Изменить стиль страницы

Неудивительно, что молодой человек закружился в этом вихре. И вскоре он сделал весьма важный шаг. Он женился. Избранницей его стала Теренция. Она происходила из хорошей и обеспеченной семьи, так что могла считаться завидной невестой. С другой стороны, трудно себе представить существо, более далекое по духу от Цицерона. Он жил поэзией и философией. Она была женщиной практической, интересовалась только деньгами и хозяйством; ученые книги ее не занимали. Он был щедр, великодушен и абсолютно нерасчетлив. Она была скупа и прижимиста. Он был мягок и уступчив. Она тверда как скала. Он постоянно думал о божестве, о вечной жизни, о добре и зле, но, как многие интеллигенты, был довольно равнодушен к внешней обрядовой стороне религии. Она, напротив, с полным презрением относилась ко всем этим отвлеченным умствованиям, зато была очень набожна. Но то была набожность купца, о котором Островский сказал: «Он человек русский благочестивый, но по душе совершеннейший кокандец и киргиз-кайсак». Иными словами, соблюдает все посты, отстаивает все службы, отбивает земные поклоны, а потом спокойно надувает своих ближних.
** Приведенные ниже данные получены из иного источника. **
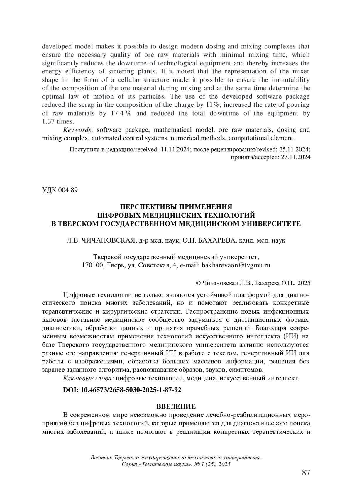 Цифровые технологии не только являются устойчивой платформой для диагностического поиска многих заболеваний, но и помогают реализовать конкретные терапевтические и хирургические стратегии. Распространение новых инфекционных вызовов заставило медицинское сообщество задуматься о дистанционных формах диагностики, обработки данных и принятия врачебных решений. Благодаря современным возможностям применения технологий искусственного интеллекта (ИИ) на базе Тверского государственного медицинского университета активно используются разные его направления: генеративный ИИ в работе с текстом, генеративный ИИ для работы с изображениями, обработка больших массивов информации, решения без заранее заданного алгоритма, распознавание образов, звуков, симптомов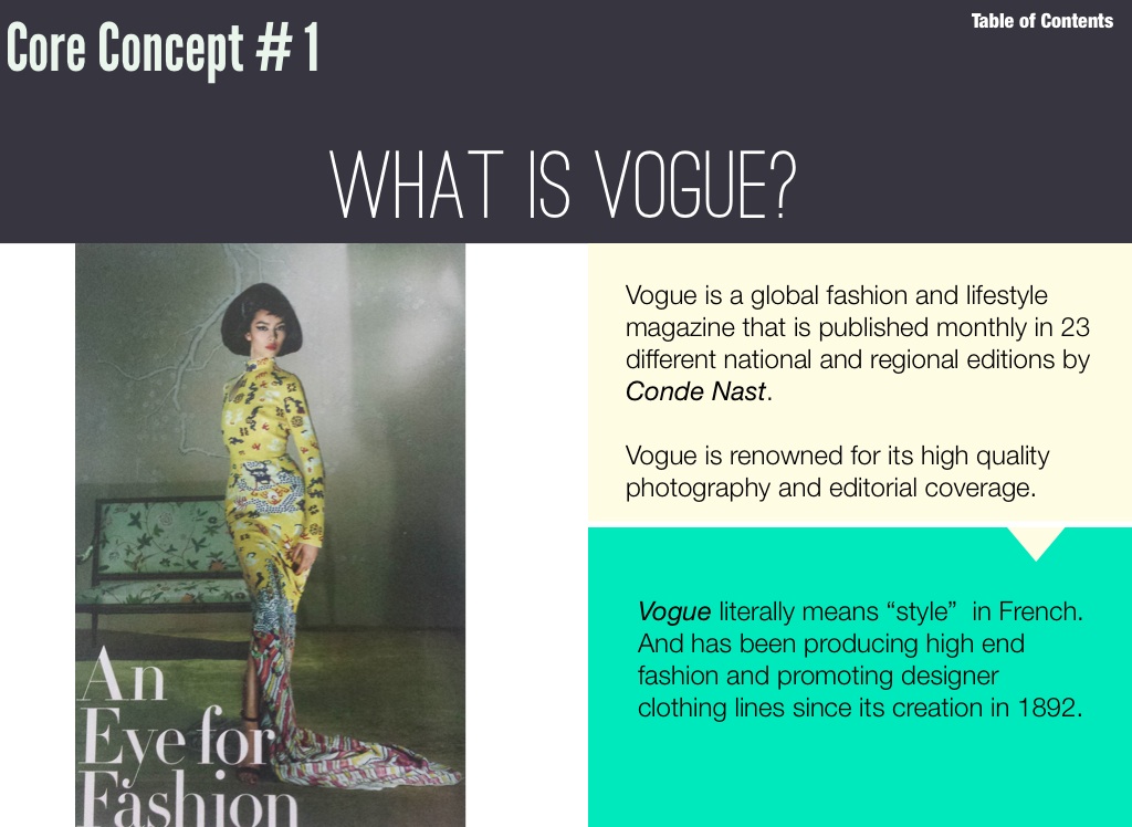 Vogue literally means “style” in French. And has been producing high end fashion and promoting designer clothing lines since its creation in 1892.

Мы не знаем подробностей их романа. Однако я совершенно уверена, что тут была пылкая любовь, во всяком случае с его стороны. После двадцати лет супружества Цицерон писал ей такие нежные и страстные письма, которым могла бы позавидовать новобрачная на второй день медового месяца[17]. Из этих писем мы можем хотя бы приблизительно понять, какой она представлялась его влюбленному воображению. Ему казалось, что она такая хрупкая, такая болезненная и ради семьи так много взваливает на свои слабые плечи. А она отличалась завидным здоровьем и прожила 104 года. Ему казалось, что она такая женственная и нежная. А она была жестка, как пемза. Сами ее недостатки имели что-то пленительное в его глазах. Она не интересовалась ничем, кроме дома. Значит, она все отдает семье. Ее благочестие его умиляло: он видел в нем детски чистую душу. Однажды он заболел, но вскоре ему стало лучше. Он немедленно написал об этом жене: «Ночью меня вырвало чистой желчью[18]. Сразу мне так полегчало, словно меня исцелил какой-то бог. Помолись этому богу, набожно и с чистой душой, как ты обыкновенно делаешь» (Fam., XIV, 7).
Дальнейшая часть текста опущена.